▼
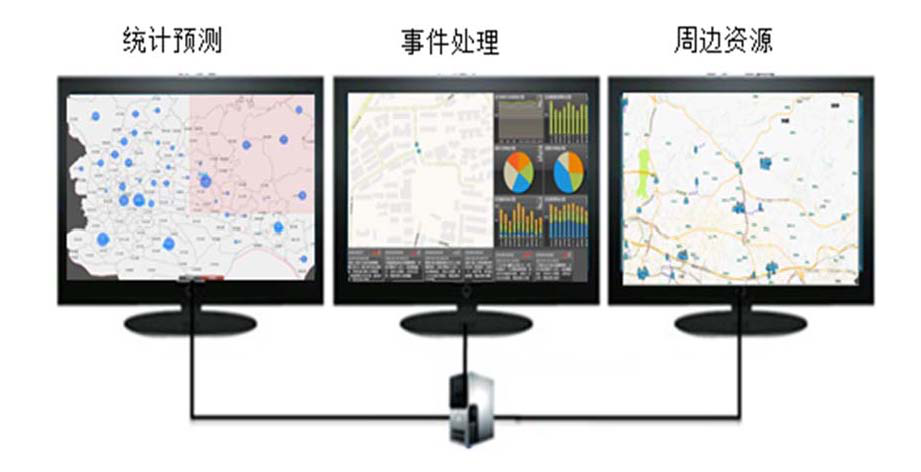 采用三屏的模式,分別展示統(tǒng)計預(yù)測系統(tǒng),事件處理系統(tǒng)以及周邊資源系統(tǒng),共同為城管事件處理過程服務(wù)。以城市公共安全資源為載體,依托空間信息、業(yè)務(wù)信息共享平臺和傳感器網(wǎng)絡(luò),構(gòu)建城市應(yīng)急指揮、現(xiàn)場處置、預(yù)防預(yù)警的城市安全防護體系,實現(xiàn)智能化安全管理、傳感器自動報警、快速反應(yīng)及智能輔助決策等。
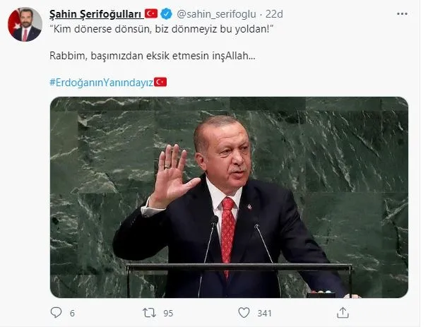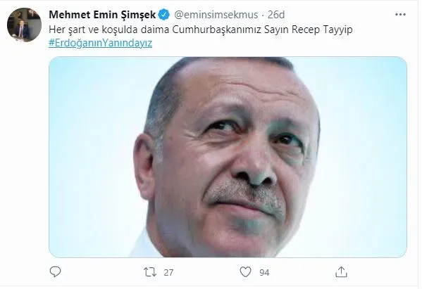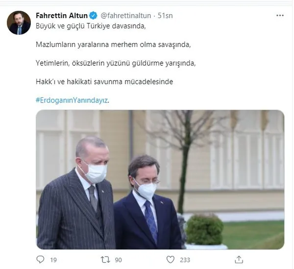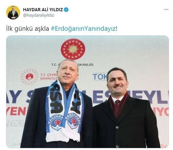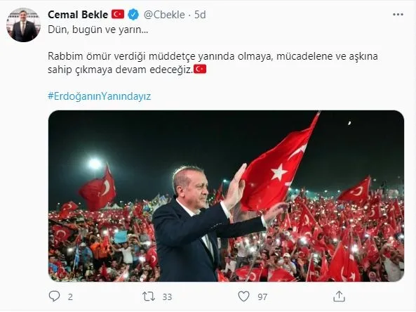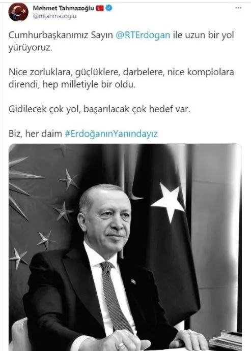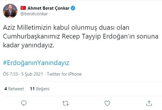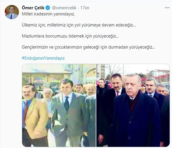 Twitter hesabı üzerinden #ErdoğanınYanındayız etiketiyle paylaşım yapan Ömer Çelik, mesajında şunları ifade etti:
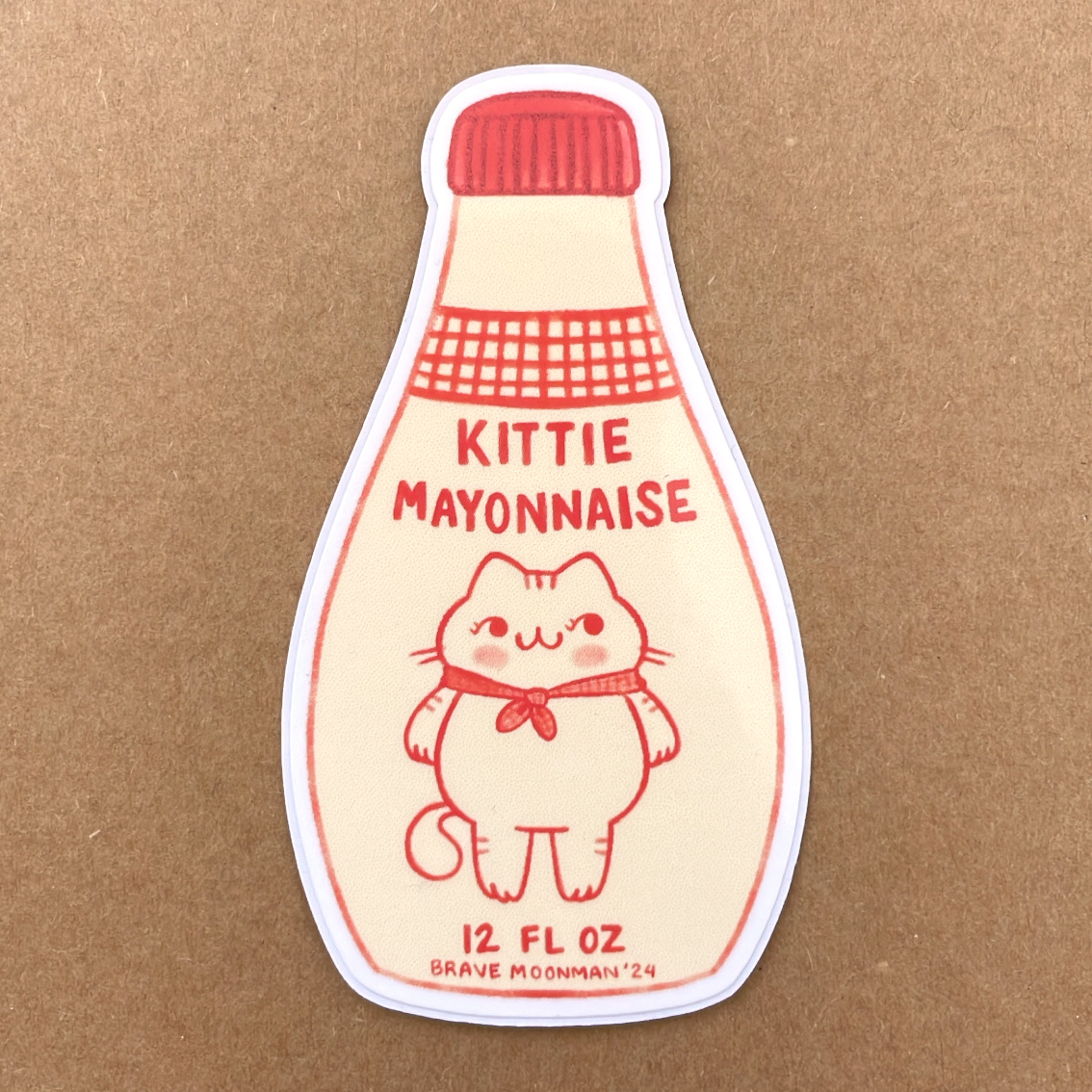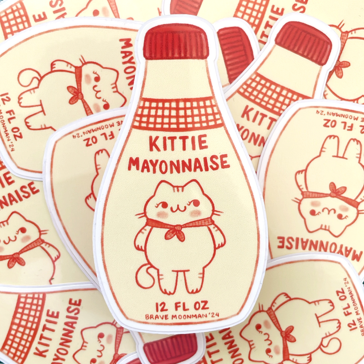 This cute vinyl sticker features a super cute condiment, a bottle of kittie mayonnaise with a cat kewpie mayo mascot!
▲
* **Task requirements**
With every picture omitted, write out the material exactly from its first line through the line containing "Twitter hesabı üzerinden".

* **Solution to this problem**
 采用三屏的模式,分別展示統(tǒng)計預(yù)測系統(tǒng),事件處理系統(tǒng)以及周邊資源系統(tǒng),共同為城管事件處理過程服務(wù)。以城市公共安全資源為載體,依托空間信息、業(yè)務(wù)信息共享平臺和傳感器網(wǎng)絡(luò),構(gòu)建城市應(yīng)急指揮、現(xiàn)場處置、預(yù)防預(yù)警的城市安全防護體系,實現(xiàn)智能化安全管理、傳感器自動報警、快速反應(yīng)及智能輔助決策等。
 Twitter hesabı üzerinden #ErdoğanınYanındayız etiketiyle paylaşım yapan Ömer Çelik, mesajında şunları ifade etti:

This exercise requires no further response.